I Had A Weekend…Yup. I Did.

Sorry it’s been a little while guys – my new job requires me to spend A LOT of time in meetings. A lot. Of time.

Anyway, I’m traveling for business tomorrow and Wednesday (I’ll try to check in here if I can), but in the meantime I wanted to give you a very quick update on things:

-Went to a Single’s Party on Friday night – met no one interesting. Started to drink.

-Met up with Christine after the single’s party and went to a bar we both love (GREAT martinis) to celebrate her b-day. Continued drinking.

-Sat next to a guy at the bar while we waited for a table…proceeded to flirt. Let him buy me more drinks. Started to get into him, then…

-Our table was ready. Since it was Christine’s night (her b-day after all), AND I had blown her off earlier to go to that Single’s Party (I didn’t invite her – yes, I’m a bad friend), I felt obligated to leave the cutie at the bar and go actually hang out with my friend.

-Drank some more.

-Ate cheese fries – who actually eats those?! I mean, besides me and Christine when we’re both smashed.

-Drank some more.

-Had a moment where I actually stopped (in my whirling, fuzzy haze) and thought ‘Oh shit. I’m REALLY fucked up.’

-Looked at Christine and said, ‘I need to go outside and get some air. Here’s my credit card – you don’t pay for ANYTHING tonight!’ (Note: A HUGE clue that I was FUCKING DEMOLISHED at that point – I handed my credit card over to my unemployed friend and told her to use it.)

-Walked outside and literally just stood in the rain (note: REALLY good for my hair and makeup) trying to sober up a little bit. Was considering how badly I needed to throw up when Hottie from the Bar wandered outside to find me.

-Woke up the next morning in my apartment, feeling like I was going to die. I was alone. (It’s always a bad thing when you need to call the person you were out with the night before to ask how you got home.)

-Turns out Christine paid the bill (with my credit card), came outside to find me, realized I was ‘chatting up Hottie Bar Guy – looking surprisingly sober,’ and so went back inside to watch…whatever football game was on in the bar.

-A little while later I reappeared with Hottie Bar Guy, seemingly to watch the game, and I very discreetly (I’m sure) leaned in and whispered something along the lines of ‘you need to get me out of here before I embarrass myself’ to Christine. She got me out of there.

-Apparently I did get Hottie Bar Guy’s number (I can’t find it), his name (I can’t remember it), and my credit card (THAT I found) before leaving. All things considered, one out of three (especially that one out of three) ain’t bad, so I’m pretty psyched.

-Saturday consisted of me praying to die (hangover from hell) and sleeping. Sunday I cleaned my apartment. Hmmm, it was a boring weekend actually. What about you guys – do anything interesting?

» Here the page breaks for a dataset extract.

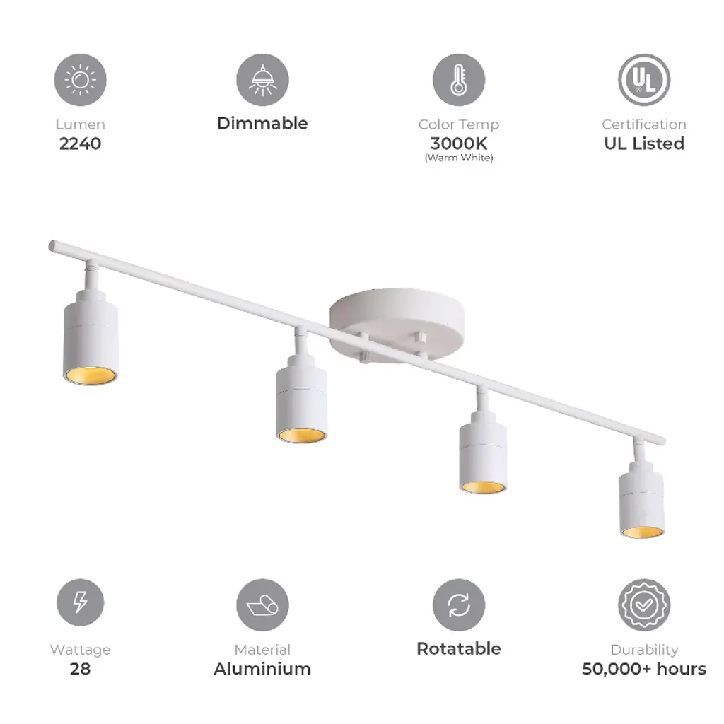 Shura is the most popular collection from VidaLite, including models ranging from 1-5 head track lights to unique swivel and cage designs, all featuring our proprietary integrated LED Shura lighting design. Each fixture is built with our statement adjustable light heads and high-quality metal finishes, which have resonated with thousands of satisfied customers over the years. These versatile designs have been featured by interior designers in residential and commercial settings alike, who pick the Shura collection for its customizable options, energy efficient LED modules, and durable build quality. Shura styles are available in Brushed Brass, Black and Brass, Matte Black, and Matte White. Each fixture uses 3000K Warm White LEDs with a wide 36° beam angle, giving you over 50,000 hours of maintenance free runtime.

-On a side note – Christine is a freak of nature. She drinks just like I do, gets drunk just like I do, and yet NEVER throws up and never gets a hangover. Have you people ever heard of this phenomenon before? What the fuck – if this isn’t a prime example of life not being fair, I don’t know what is.

11 comments:

GiveEmHellHarry said...

MMMM, Cheese Fries! Unfortunately, since my cholesterol numbers are approaching my SAT scores, they have now become the forbidden fruit. As far as I'm concerned, one good night with a two day recovery means it was a hell of a weekend.

rs27 said...

How did he go from cute to hot in 5 bullet points? Thats a big jump to make. Did he get taller or something?

onthevirg said...

Fantastic work there drunkard. You make the rest of the tribe proud.

Do you consider doing tons of homework exciting? Cause that's all I did.

Redhead said...

harry: I'm always complimented on my cholesterol...which makes no sense actually since I basically subsist on crap.

rs27: Nope, I just got drunker (didn't you read the post?).

virg: Why thank you! Ah, homework - I've been there my friend (it's called college). Actually, I was pretty awesome at the whole school thing (wish I could go back); if you ever need any tips, I'm here for ya.

TK said...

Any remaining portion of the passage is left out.